La conférence de presse donnée par Macron le jeudi 25 avril à l’Élysée a été scrutée avec une grande attention par les observateurs de tous bords, français et étrangers. Dans le contexte de conflit social qui, sous l’impulsion des Gilets jaunes, agite notre pays depuis le mois de novembre, l’exercice s’annonçait délicat, voire périlleux pour la capacité du président à garder la main sur l’agenda politique…

Un exercice d’autant plus difficile, et potentiellement hasardeux, que de fortes attentes avaient été exprimées par nos compatriotes dans les cahiers de revendications et lors des très nombreux débats organisés par les municipalités et les associations sur l’ensemble du territoire national. Quelques jours après son « grand oral » élyséen, Macron peut-il s’estimer tiré d’affaire ou, au contraire, doit-il encore craindre une paralysie de sa capacité d’action ? À ce jour, nul ne peut le dire. Mais le fait est que, dans l’entourage du chef de l’État, les crispations qui prévalaient avant la conférence de presse, ont laissé la place à des attitudes nettement plus confiantes et détendues.

Sur la forme, force est de reconnaître que Macron, après un discours liminaire trop dilué et, de ce fait, quelque peu soporifique, a été plutôt bon durant la longue séance de questions-réponses à laquelle il s’est prêté face aux représentants des médias, présents en grand nombre dans la salle des fêtes rénovée de l’Élysée. Il est vrai que le président, constamment animé par une feinte empathie, affectionne tout particulièrement ces échanges qui en réalité n’en sont pas, faute de possibilité de relance de la part des questionneurs. À cet égard, les 80 heures de « débat » auxquelles Macron, dans des conditions le plus souvent similaires, s’est soumis lors de ses rencontres avec les maires de France ont été pour lui autant de profitables séances de média-training.

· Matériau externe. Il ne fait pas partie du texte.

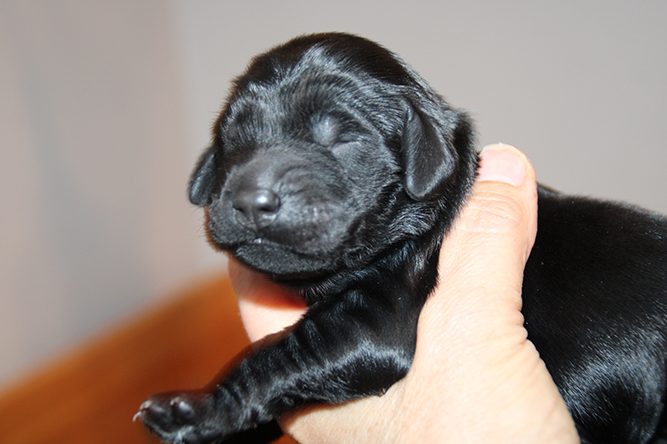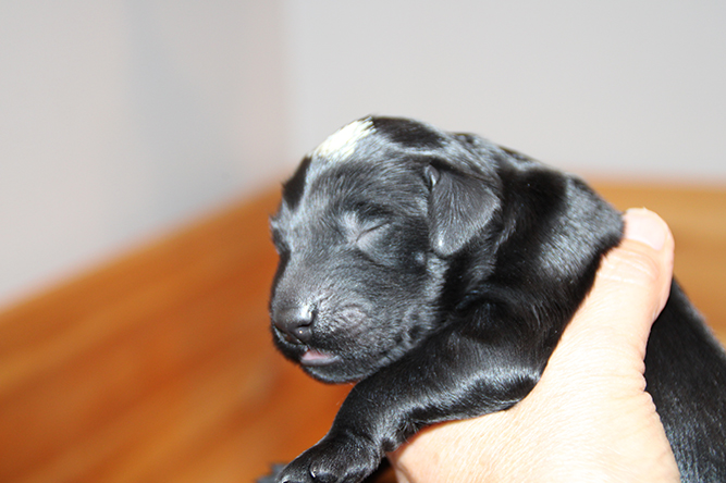 04.10.25. I dag er de skjønne små blitt en uke gamle. Klo klippen ble gjort i går kveld og det gikk fint . Selv om de ikke akkurat sitter rolig når jeg prøver å klippe klørne :-) I dag er det mark kur på menyen. Den må de ha 4 ganger før de skal flytte herifra . Smaker aldri så godt men lurer det i de. Kimmie sin temperatur er mye bedre. Hun har litt  mindre melk foreløpig etter infeksjonen  så vi hjelper til med flaske hver 3 - 4 time så alle får i seg nok. De koser seg med den ekstra melken å er så fornøyde :-)Nå klokken 03.30 er stormen på full fart her ute. Så turte ikke vente med å sende ut valpedagboken i tilfelle nett og strøm forsvinner etter hvert her .Det uler i huset men hundene tar det helt med ro. Her er Gutt merket nakken og jente merket rygg.
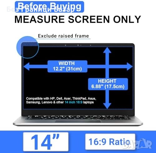 Прецизни размери 14" 16:9 (31.0 x 17.5 см) – подходящ за HP, Dell, Lenovo, Asus, Acer
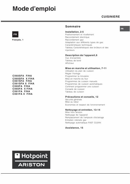 Download HOTPOINT CX65SFA Anleitung Französisch (16 Seiten) 12.90 EUR

Sur le fond de sa prestation, Macron – en bon héritier de ses prédécesseurs – nous a fait du Sarkozy ou du Hollande en affirmant droit dans les yeux des téléspectateurs qu’il avait non seulement écouté mais entendu les revendications émanant des classes populaires et moyennes. Un désir de changement si fortement exprimé par nos compatriotes – qu’ils soient ou non porteurs d’un gilet jaune – que le chef de l’État a, par nécessité pour le bien de notre pays, décidé au terme d’une intense réflexion de… garder le même cap ! Ce même cap néo-libéral, émaillé de régressions sociales et de détricotage insidieux des acquis des salariés et des retraités, qui a conduit au blocage des ronds-points et suscité un très fort soutien des Français au mouvement des Gilets jaunes.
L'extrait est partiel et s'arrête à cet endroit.